Blizzard bannt Großmeister in Hearthstone, kurz vor Saison-Start

Einen Tag, bevor die neue Saison im E-Sport von Hearthstone startet, hat Blizzard einen der 48 Großmeister, Paul „Zalae“ Nemeth, von dem Turnier verbannt. Man bezieht sich auf „Anschuldigungen“ gegen ihn.

Das ist der kurzfristige Bann: Am 9. April startet die neue Saison bei den „Hearthstone Grandmasters.“ 16 ausgewählte Spieler jeder Region treten gegeneinander an. Das sind die Großmeister, handverlesene Super-Spieler, von denen es nur 48 auf der Welt gibt.

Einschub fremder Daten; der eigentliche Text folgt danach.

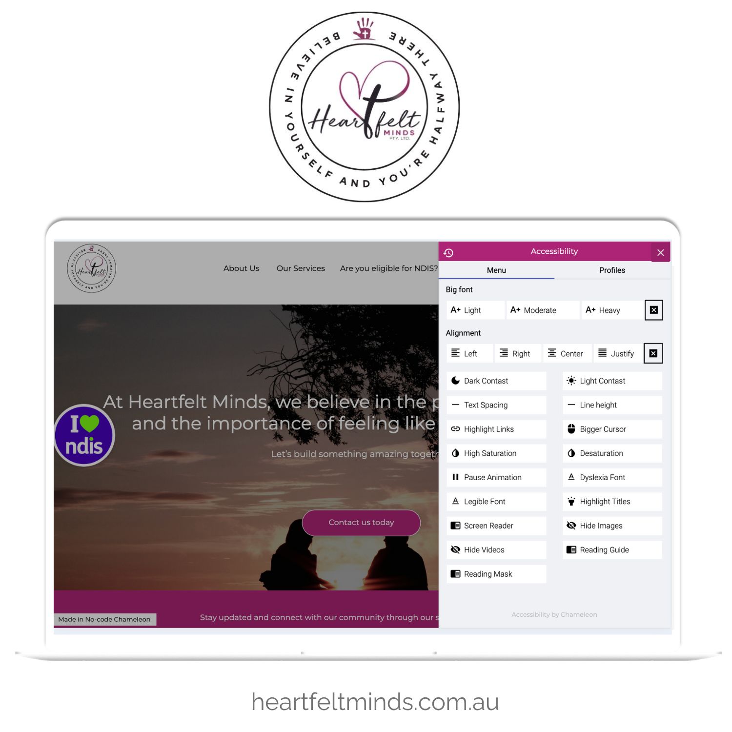 NDIS Provider Heartfelt Minds: Enhancing Accessibility for Members with Our Chameleon Platform Heartfelt Minds, an NDIS provider in Australia, has integrated our digital platform to elevate accessibility for its members. By leveraging the platform, Heartfelt Minds enhances service delivery and digital engagement with clients. The platform allows Heartfelt Minds to deliver tailored digital solutions that address the specific needs of their members. This integration streamlines their operations and boosts accessibility, providing more effective and personalised support for its members.
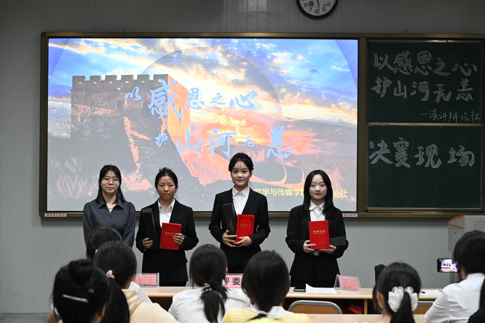 为了充分展现公司老员工的文明素养,引导员工体悟感恩,增强社会责任感,以青春力量守护家国安宁,10月16日下午四时,演讲辩论社在江南校区10号楼1023教室举行“以感恩之心,护山河无恙”主题演讲比赛。文学与传媒公司党总支副书记侯红艳、2024级辅导员刘言军、2025级辅导员喻言、演讲辩论社指导老师余珊担任评委。演讲辩论社袁萌同学主持比赛。

Aber in der Region „Americas“ fehlt nun einer: Statt 16 Spielern, treten nur 15 an.

Denn Blizzard gab unmittelbar vor dem Start des Turniers bekannt:

„Hearthstone Esports ist bewusst, dass es Anschuldigungen gegen den Americas Grandmaster, Pual „Zalae“ Nemeth, gibt.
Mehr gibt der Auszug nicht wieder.